■ **What the exercise asks**:
In the copy, include no images. Reproduce the entries exactly.

■ **Extracted data**:
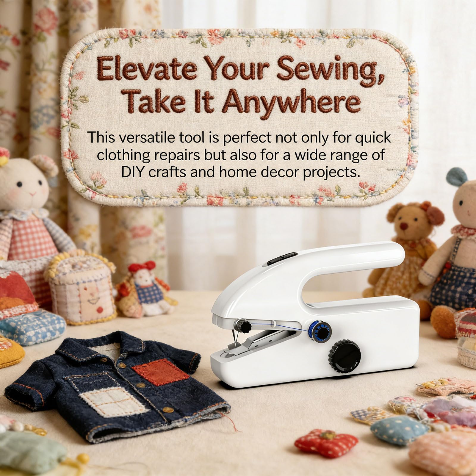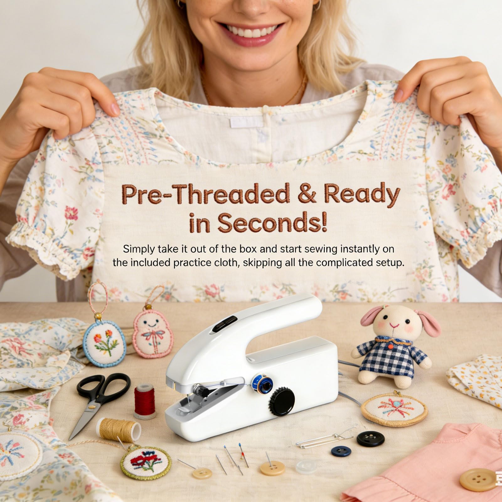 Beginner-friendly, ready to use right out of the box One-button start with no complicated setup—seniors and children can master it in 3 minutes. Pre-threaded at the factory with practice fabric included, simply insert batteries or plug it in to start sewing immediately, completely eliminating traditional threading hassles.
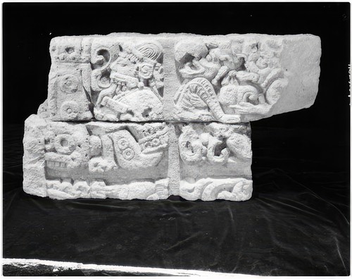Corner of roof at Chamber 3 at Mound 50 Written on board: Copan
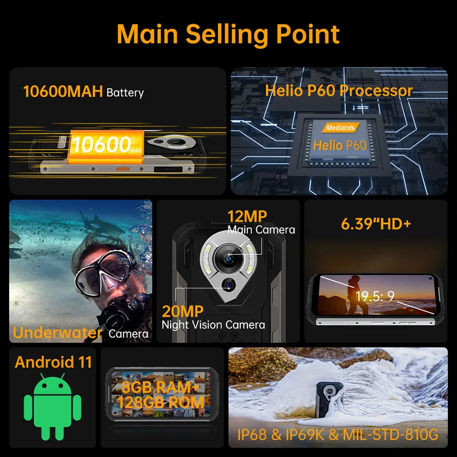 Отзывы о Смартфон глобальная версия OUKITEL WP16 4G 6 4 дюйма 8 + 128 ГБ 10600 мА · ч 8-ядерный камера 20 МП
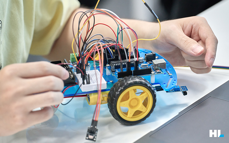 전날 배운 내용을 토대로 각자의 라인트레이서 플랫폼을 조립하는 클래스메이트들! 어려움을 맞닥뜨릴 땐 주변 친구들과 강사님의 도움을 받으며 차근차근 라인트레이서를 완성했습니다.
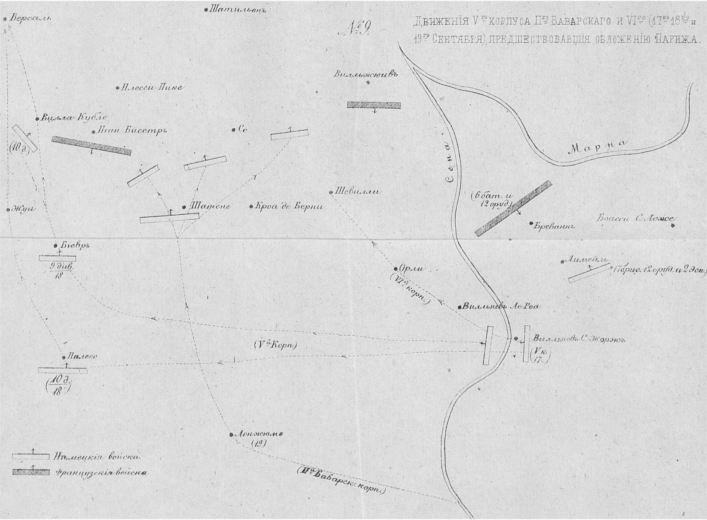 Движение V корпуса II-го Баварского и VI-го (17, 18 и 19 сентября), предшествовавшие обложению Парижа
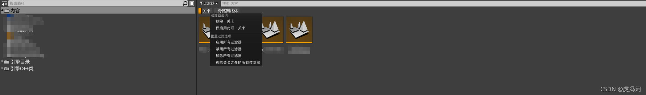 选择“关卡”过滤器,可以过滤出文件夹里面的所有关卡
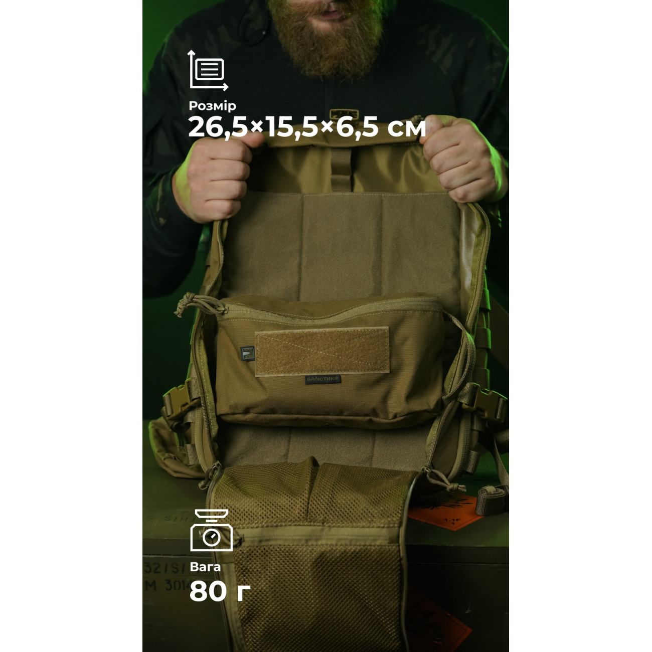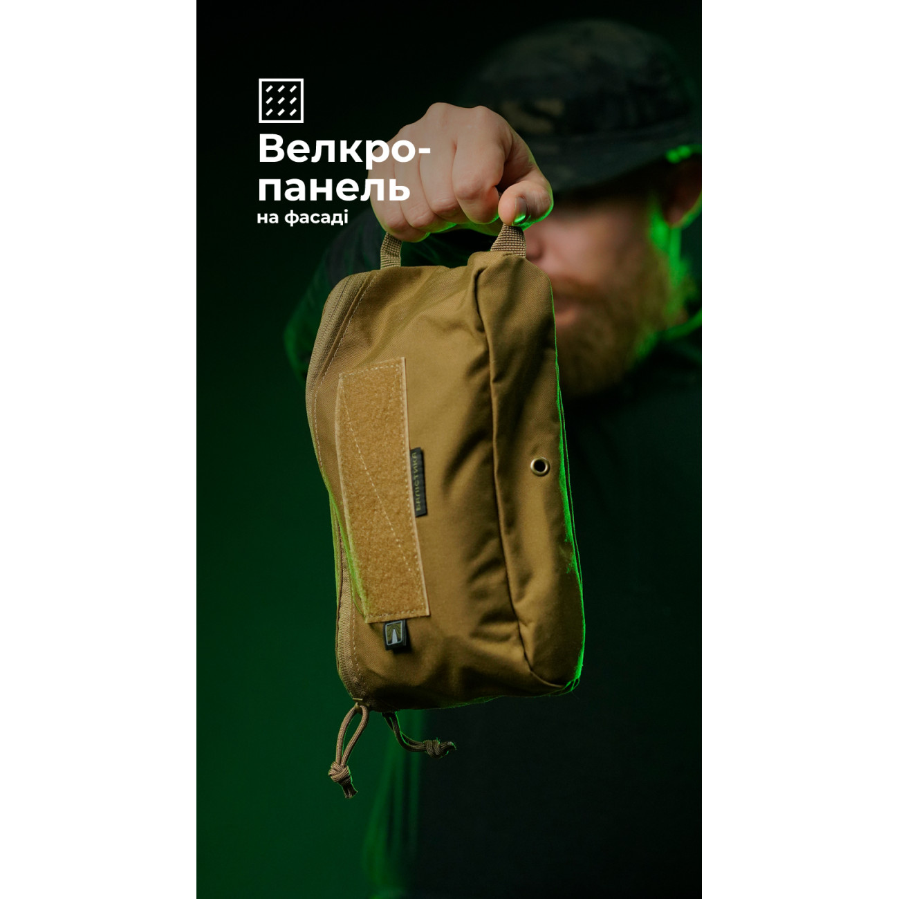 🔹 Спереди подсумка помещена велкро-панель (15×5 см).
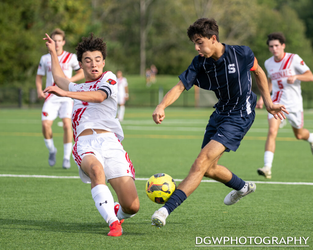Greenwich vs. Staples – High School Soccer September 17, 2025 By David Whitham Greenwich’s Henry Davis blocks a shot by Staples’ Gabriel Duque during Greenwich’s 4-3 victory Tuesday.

■ **Response to this exercise**:
 Beginner-friendly, ready to use right out of the box One-button start with no complicated setup—seniors and children can master it in 3 minutes. Pre-threaded at the factory with practice fabric included, simply insert batteries or plug it in to start sewing immediately, completely eliminating traditional threading hassles.
Corner of roof at Chamber 3 at Mound 50 Written on board: Copan
 Отзывы о Смартфон глобальная версия OUKITEL WP16 4G 6 4 дюйма 8 + 128 ГБ 10600 мА · ч 8-ядерный камера 20 МП
 전날 배운 내용을 토대로 각자의 라인트레이서 플랫폼을 조립하는 클래스메이트들! 어려움을 맞닥뜨릴 땐 주변 친구들과 강사님의 도움을 받으며 차근차근 라인트레이서를 완성했습니다.
 Движение V корпуса II-го Баварского и VI-го (17, 18 и 19 сентября), предшествовавшие обложению Парижа
 选择“关卡”过滤器,可以过滤出文件夹里面的所有关卡
 🔹 Спереди подсумка помещена велкро-панель (15×5 см).
Greenwich vs. Staples – High School Soccer September 17, 2025 By David Whitham Greenwich’s Henry Davis blocks a shot by Staples’ Gabriel Duque during Greenwich’s 4-3 victory Tuesday.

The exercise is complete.